What is needed here is an exact printout of the data, with no pictures included.

(SOURCE MATERIAL Opens)

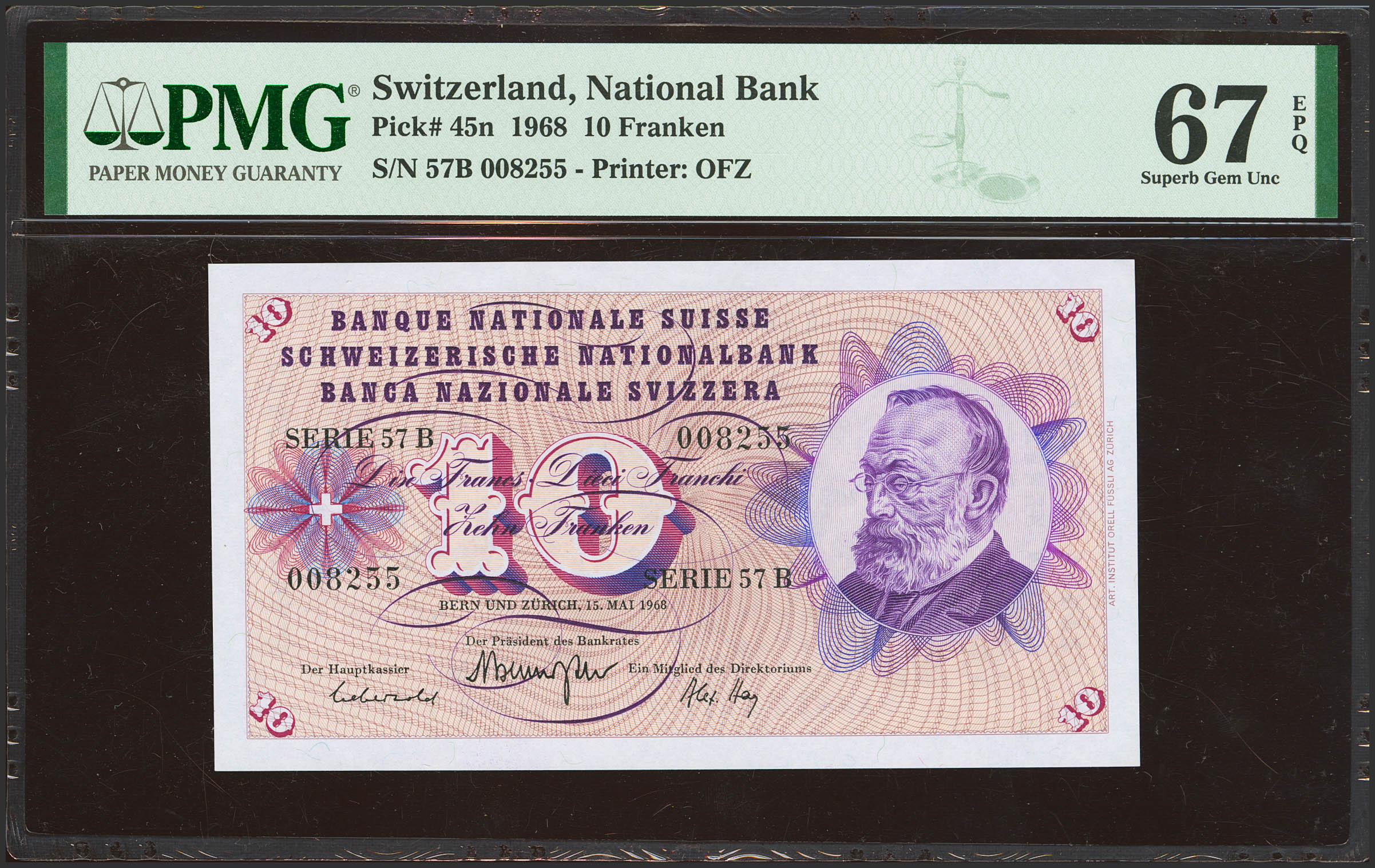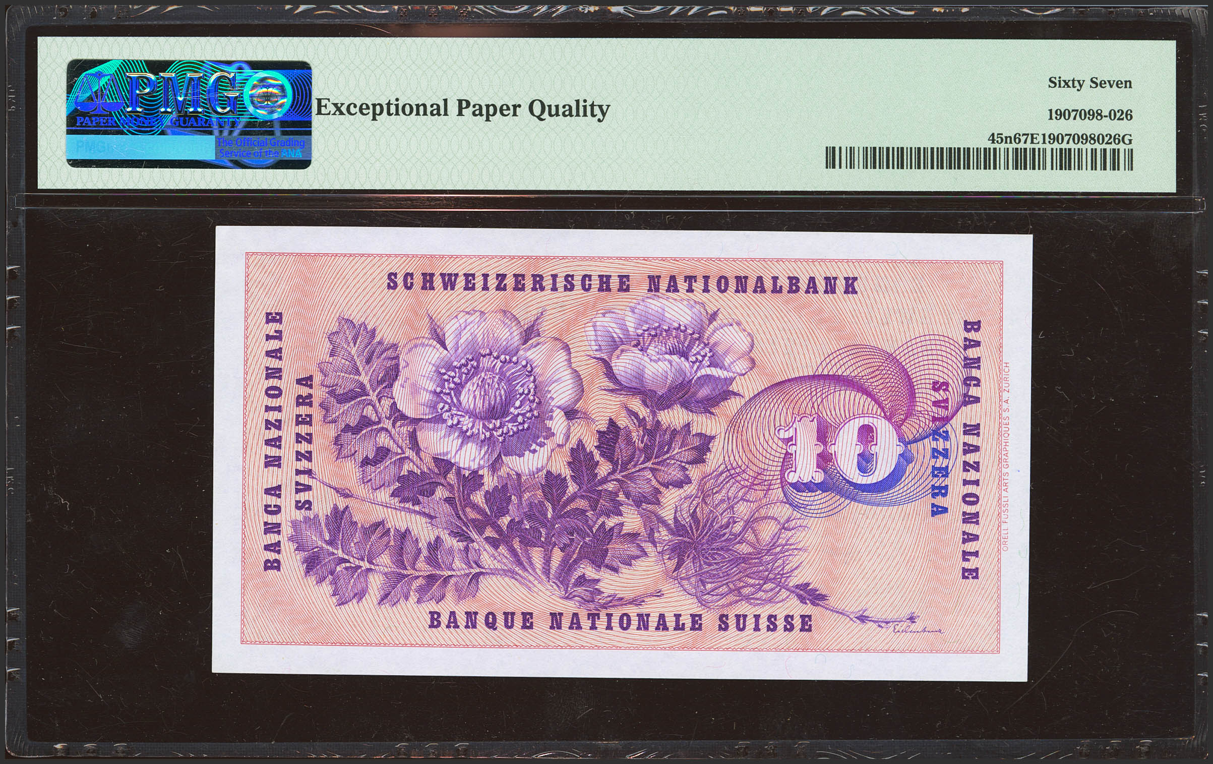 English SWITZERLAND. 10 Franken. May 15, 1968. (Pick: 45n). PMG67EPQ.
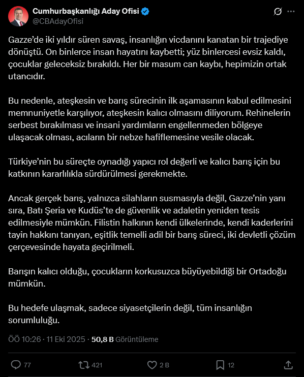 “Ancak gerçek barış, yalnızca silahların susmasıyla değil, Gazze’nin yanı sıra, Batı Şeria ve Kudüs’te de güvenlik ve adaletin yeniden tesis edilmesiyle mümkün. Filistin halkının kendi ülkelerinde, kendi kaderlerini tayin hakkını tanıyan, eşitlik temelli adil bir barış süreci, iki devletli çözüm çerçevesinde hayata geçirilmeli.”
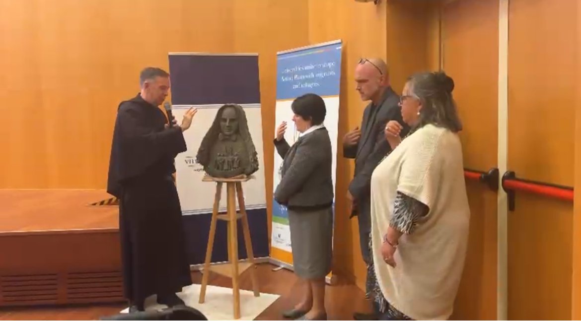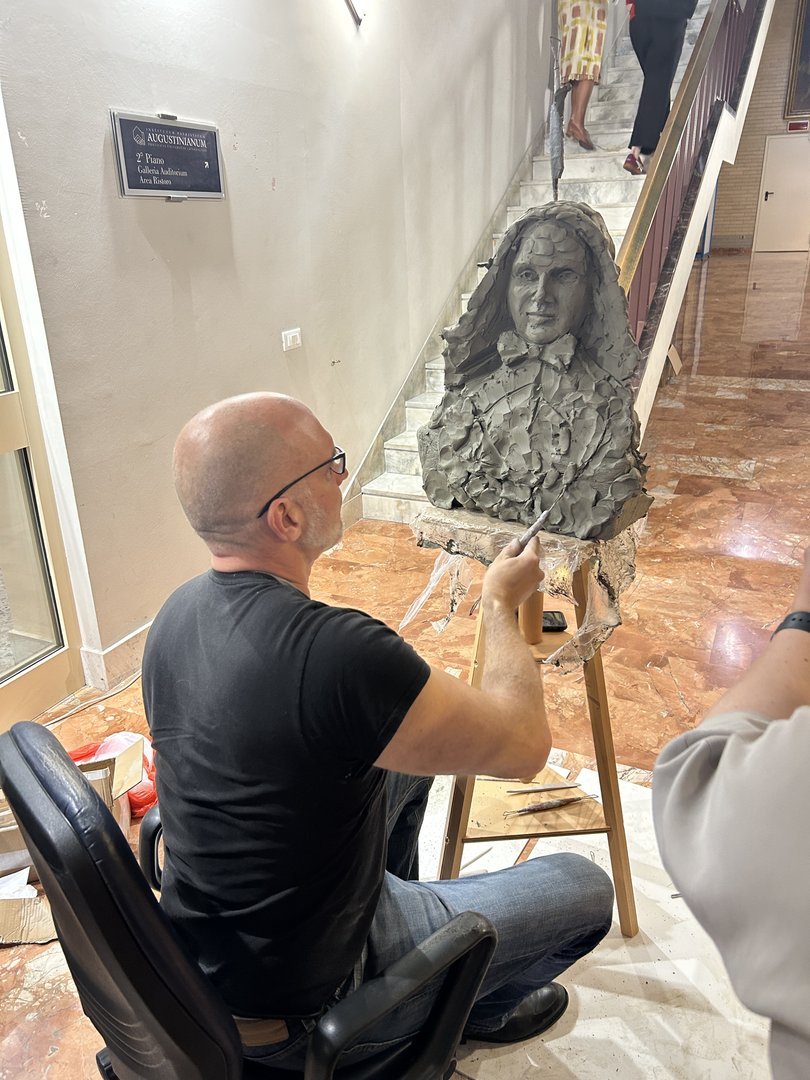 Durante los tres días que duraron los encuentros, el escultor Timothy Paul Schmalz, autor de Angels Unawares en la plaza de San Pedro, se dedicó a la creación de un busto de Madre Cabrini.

(SOURCE MATERIAL Closes)

### YOUR RESPONSE
 English SWITZERLAND. 10 Franken. May 15, 1968. (Pick: 45n). PMG67EPQ.
 “Ancak gerçek barış, yalnızca silahların susmasıyla değil, Gazze’nin yanı sıra, Batı Şeria ve Kudüs’te de güvenlik ve adaletin yeniden tesis edilmesiyle mümkün. Filistin halkının kendi ülkelerinde, kendi kaderlerini tayin hakkını tanıyan, eşitlik temelli adil bir barış süreci, iki devletli çözüm çerçevesinde hayata geçirilmeli.”
 Durante los tres días que duraron los encuentros, el escultor Timothy Paul Schmalz, autor de Angels Unawares en la plaza de San Pedro, se dedicó a la creación de un busto de Madre Cabrini.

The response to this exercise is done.